Mohammadreza Shariatgorji1, Luke Odell2, Anna Nilsson1, Elva Fridjonsdottir1, Luay Katan2, Jonas Sävmarker2, Mattias Witt4, Per Svenningsson3, Per E. Andren1

(1) Biomolecular Mass Spectrometry Imaging, National Resource for Mass Spectrometry Imaging, Department of Pharmaceutical Biosciences, (2) Organic Pharmaceutical Chemistry, Department of Medicinal Chemistry, Uppsala Biomedical Center, Uppsala University, Uppsala University, Box 591, SE-75124 Uppsala, Sweden, (3) Center for Molecular Medicine, Department of Neurology and Clinical Neuroscience, Karolinska Institutet, 17176 Stockholm, Sweden, and (4) Bruker Daltonik GmbH,?28359 Bremen, Germany

Small-molecule neurotransmitters, their precursors and metabolites are involved in the brain chemical network and transmit signals between neurons. Changes in their concentrations are associated with numerous normal neuronal processes, such as sleep and aging, but also in several disease states, including neurological disorders (e.g., Parkinson’s and Alzheimer’s disease), depression and drug addiction. Knowledge about their relative abundance and spatial distribution would provide insights into these complex neurological processes and disorders. At present, researchers rely on indirect histochemical, immunohistochemical, and ligand-based assays to detect these small-molecule transmitter substances or tissue homogenates analyzed by HPLC. Current neuroimaging techniques have very limited abilities to directly identify and quantify neurotransmitters from brain sections.

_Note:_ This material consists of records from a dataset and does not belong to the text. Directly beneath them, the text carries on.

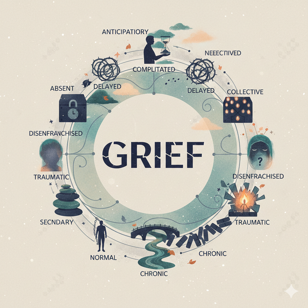 Grief is not one-size-fits-all. Researchers identify several forms of grief, each with its own characteristics.
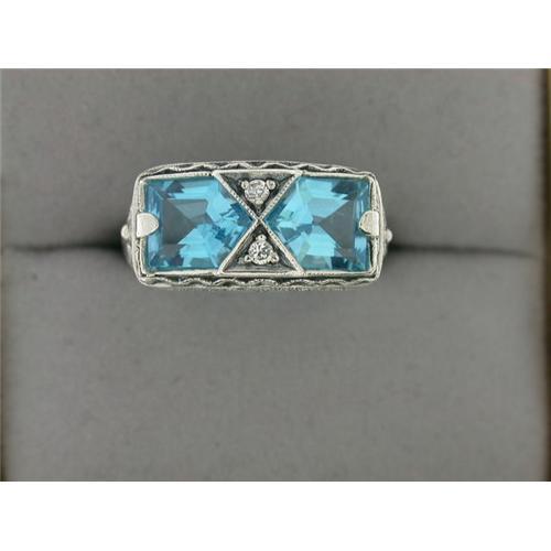 This Vintage style ring from my collection is an Authentic & Accurate copy of a ring from the 1930's - and THIS one is in Mint condition! This STERLING Silver ring features two beautiful BLUE TOPAZ with CZ's set as accent, and surrounded by beautiful filigree work. This ring is a size 8 and I can easily resize it for you.
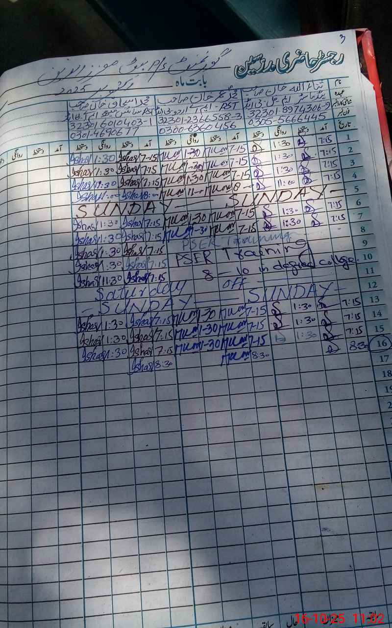 | CNIC | Full Name | Designation | R/C | Absence During Last Calender Month |
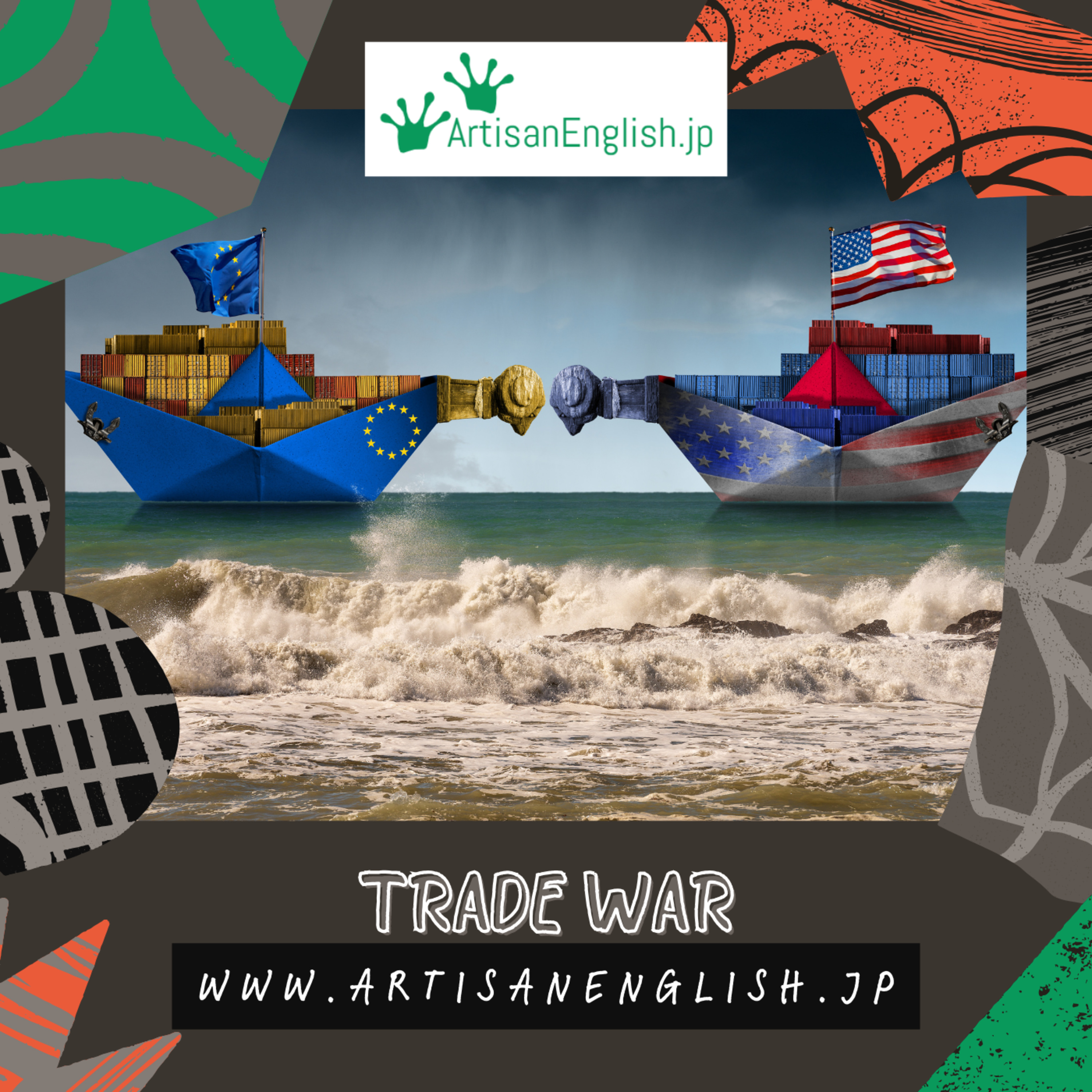 Trade war: a trade war is a situation where countries impose tariffs or other trade barriers on each other to protect their industries or to respond to trade practices they see as unfair. https://links.artisanenglish.jp/TradeWar
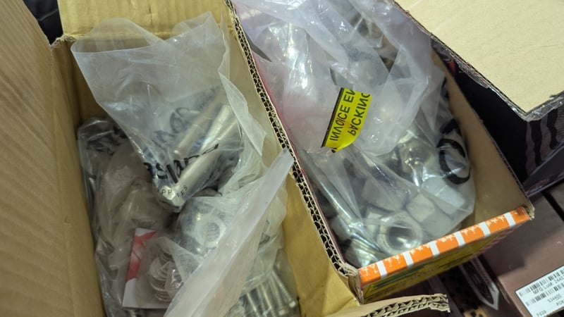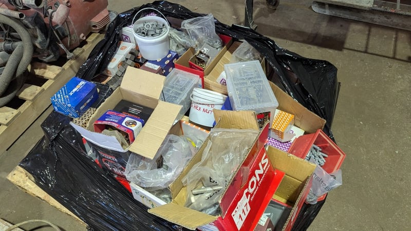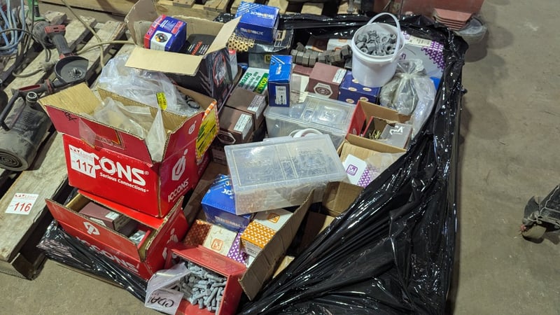 Mixed Nuts and Bolts, Screws, Various Sizes and Styles, Brands Include Hobson, Bremick, Accons, Quantity Per Pallet

By performing matrix-assisted laser desorption ionization (MALDI) mass spectrometry imaging (MSI) analysis directly on the surface of a tissue section, the technique has quickly been established as a powerful in situ visualization tool for measuring abundance and spatial distribution of endogenous and pharmaceutical compounds, lipids, peptides and small proteins. We have recently introduced a reactive MALDI matrix, which selectively targets the primary amine group on neurotransmitters, metabolites and neuroactive substances but also function as a matrix for the ionization (Neuron, 2014, 84:697-707). However, the limitation of using such reactive matrix to study the full molecular pathways of for example dopaminergic or serotonergic biosynthesis and metabolism is its limitation to target all downstream dopamine metabolites derived from monoamine oxidase (MAO) or catechol-O-methyltransferase (COMT) enzymes. The majority of small molecule neurotransmitters such as catecholamines, amino acids and trace amines possess phenolic hydroxyl and/or primary or secondary amines, which are proper nucleophilic groups. We therefore developed a new reactive matrix that can selectively target and charge-tag both phenolic and primary amine groups, thus enabling MALDI-MSI of both MAO and COMT downstream metabolites. We have focused on a nucleophilic aromatic substitution reaction with such functional groups. By this developed reactive matrix, we were able to detect and map the localization of most of the neurotransmitters and metabolites involved in the dopaminergic and serotonergic network in a single brain tissue section and it represents a novel methodology, which assists their identification through the selectivity of the reaction. The sensitivity and specificity of the imaging approach of neurochemicals has a great potential in many diverse applications in fields such as neuroscience, pharmacology, drug discovery, neurochemistry, and medicine.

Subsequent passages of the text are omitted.